* The data
━━━━━━━━

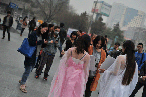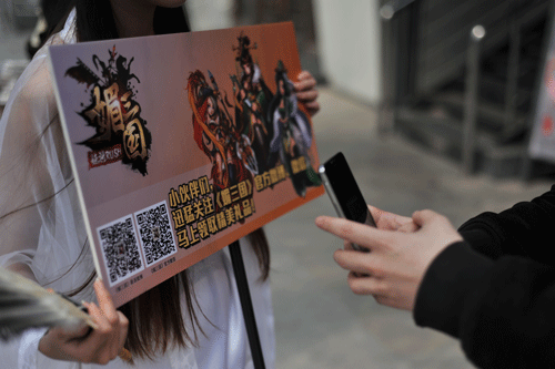 昨日上午的中关村,两名身着古代华服的古典美女现身街头,引起大量路人围观。从图片中可以看出,两位面容姣好的coser手持《媚三国》宣传板在街头徘徊,不时有路人上前合影互动。据悉只要扫描二维码关注《媚三国》官方微信并转发合影,即可获得美女当场印上唇印的台历一本。
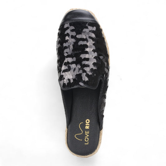 Love Rio Glitz Sequin Espadrille Mules - Black
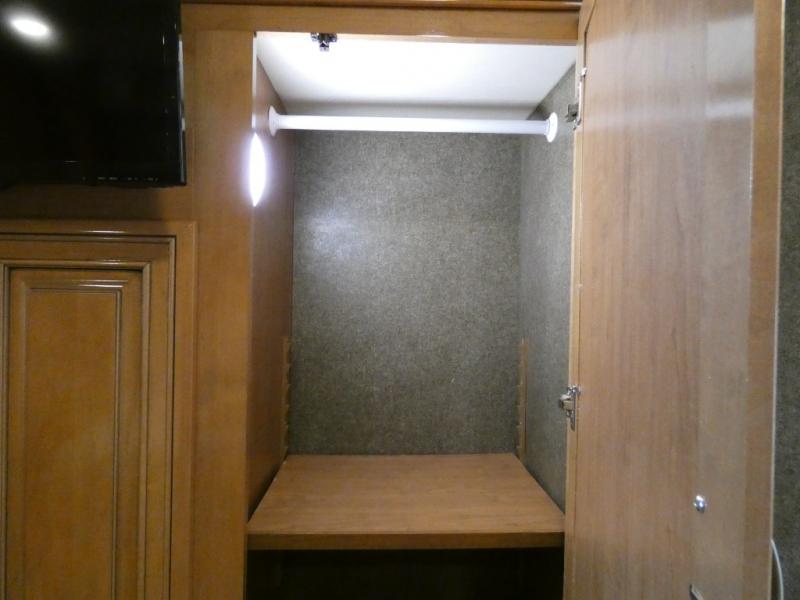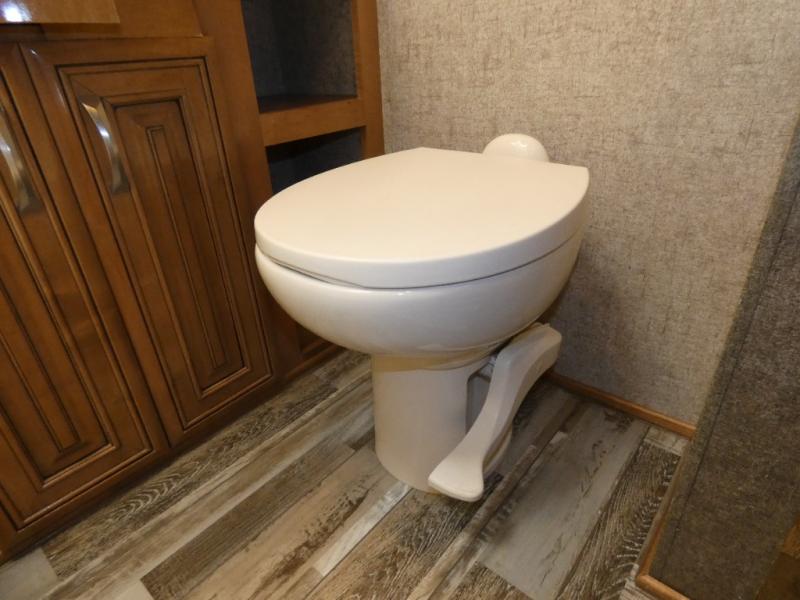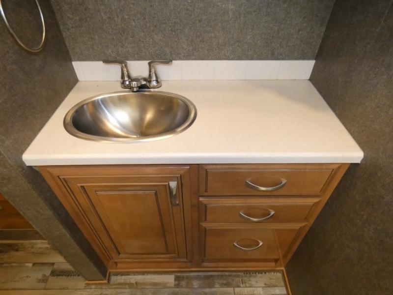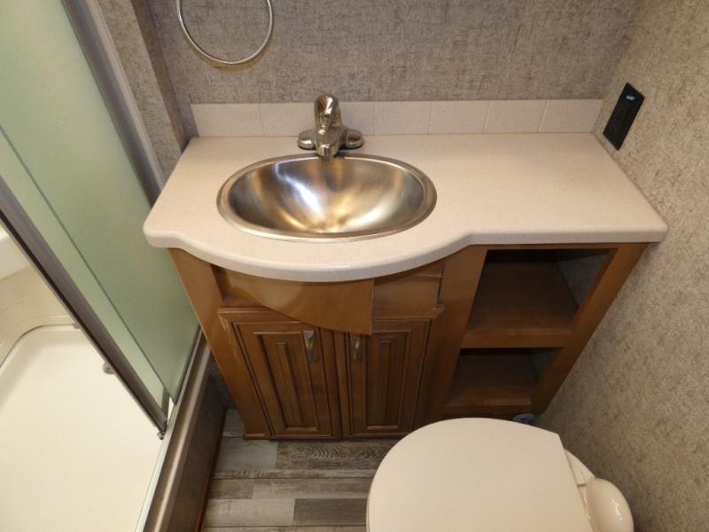 Next, the first full bath includes a shower, toilet, vanity and sink with linen storage. On the opposite side there is a slide out set of bunks that also converts to a sofa and closet. Continuing in the slide you will find a washer and dryer combo prepped space, 32" LED TV, dresser, and closet in the bedroom. A Tilt-A-View inclining king bed slide with nightstands is across from the TV. As you walk through the bedroom the second full bath is in the rear of the coach. There is a shower, toilet, vanity with sink, and overhead storage for your toiletries and things.
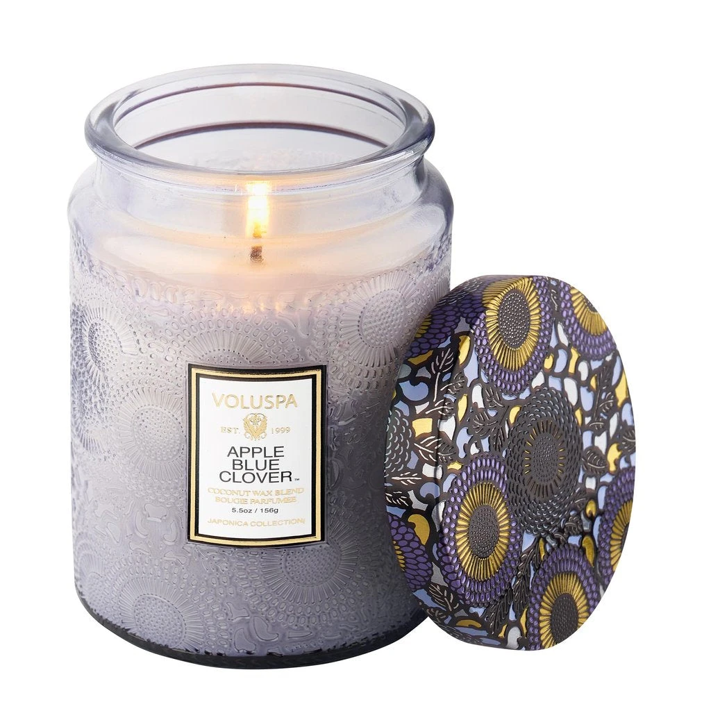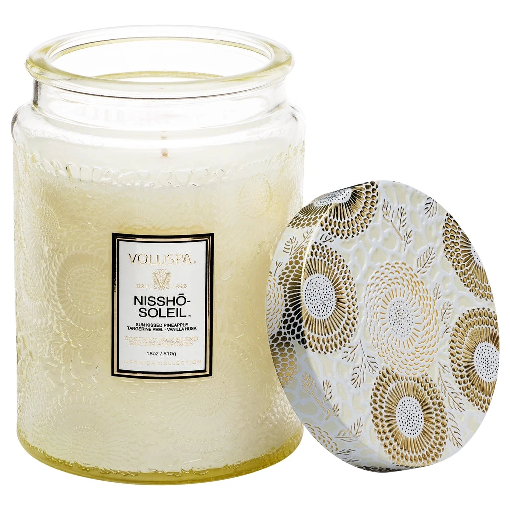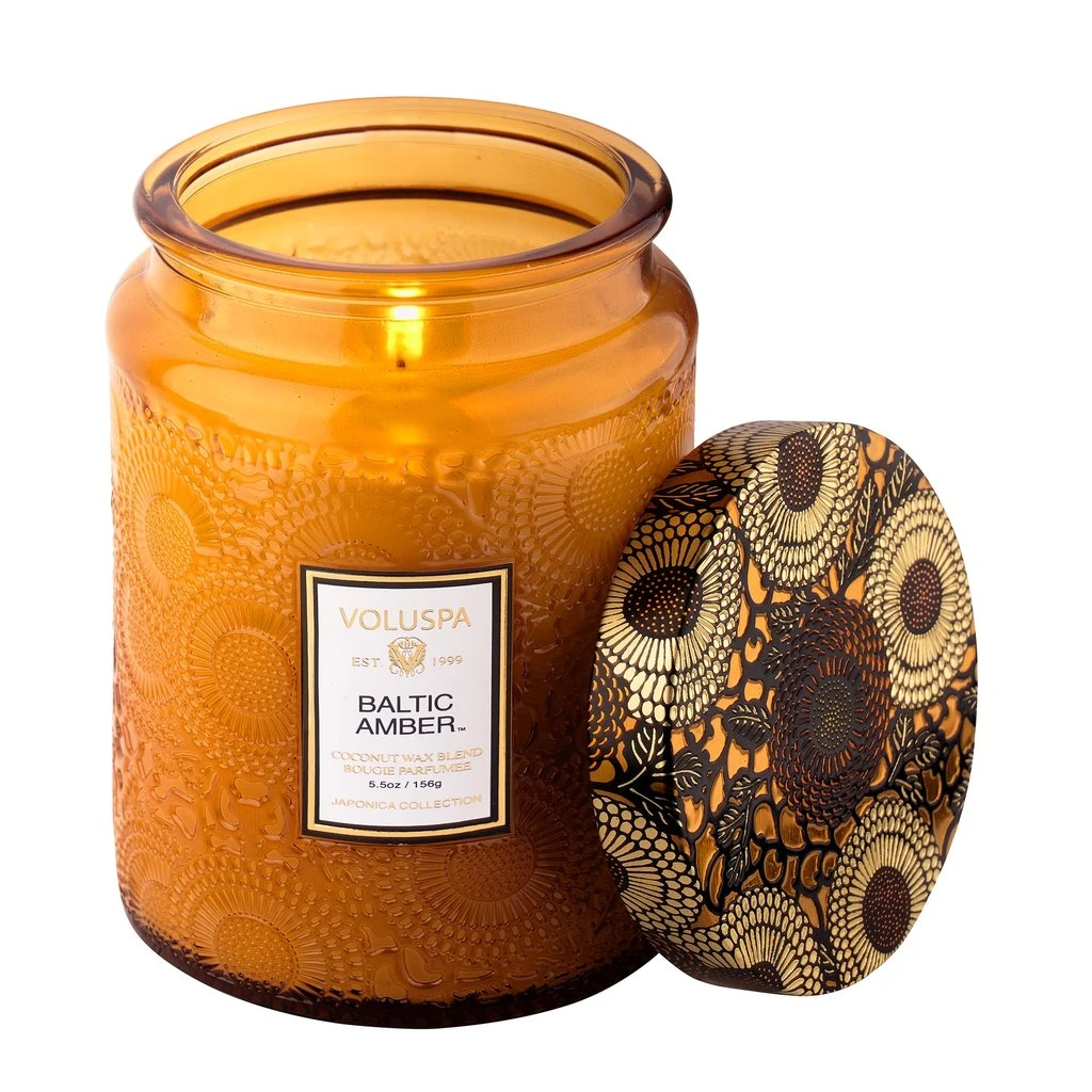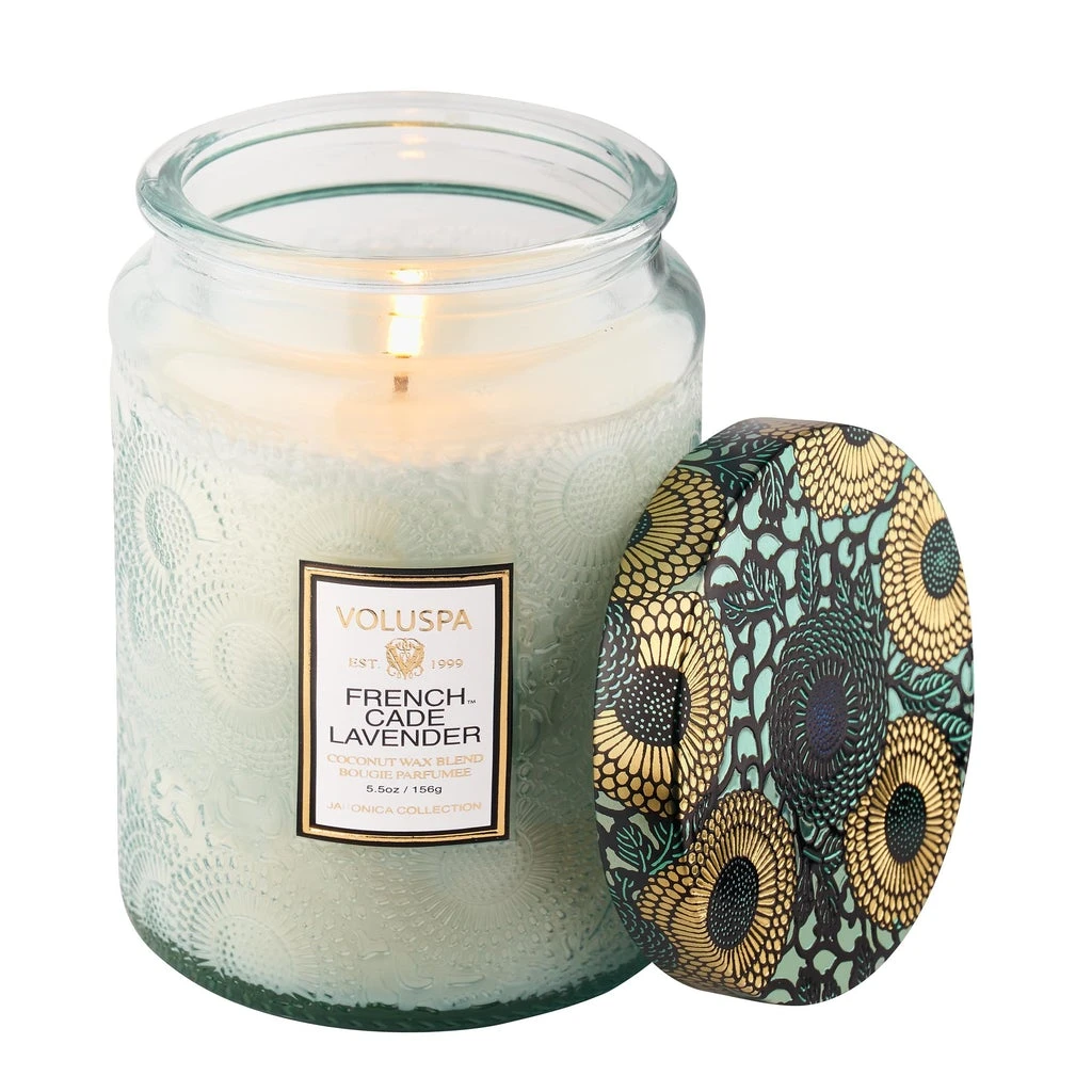 Add the wonderful aromas of Voluspa’s high quality candles with these scented glass jar candles. These candles come in classic colorful embossed glass jars that glimmer as the flame illuminates. You’ll love using the jar for jewelry, flowers or decor long after the candle is gone.

━━━━━━━━

* The problem
Print the material word for word; images are to be left out.

* Exercise response
 昨日上午的中关村,两名身着古代华服的古典美女现身街头,引起大量路人围观。从图片中可以看出,两位面容姣好的coser手持《媚三国》宣传板在街头徘徊,不时有路人上前合影互动。据悉只要扫描二维码关注《媚三国》官方微信并转发合影,即可获得美女当场印上唇印的台历一本。
 Love Rio Glitz Sequin Espadrille Mules - Black
 Next, the first full bath includes a shower, toilet, vanity and sink with linen storage. On the opposite side there is a slide out set of bunks that also converts to a sofa and closet. Continuing in the slide you will find a washer and dryer combo prepped space, 32" LED TV, dresser, and closet in the bedroom. A Tilt-A-View inclining king bed slide with nightstands is across from the TV. As you walk through the bedroom the second full bath is in the rear of the coach. There is a shower, toilet, vanity with sink, and overhead storage for your toiletries and things.
 Add the wonderful aromas of Voluspa’s high quality candles with these scented glass jar candles. These candles come in classic colorful embossed glass jars that glimmer as the flame illuminates. You’ll love using the jar for jewelry, flowers or decor long after the candle is gone.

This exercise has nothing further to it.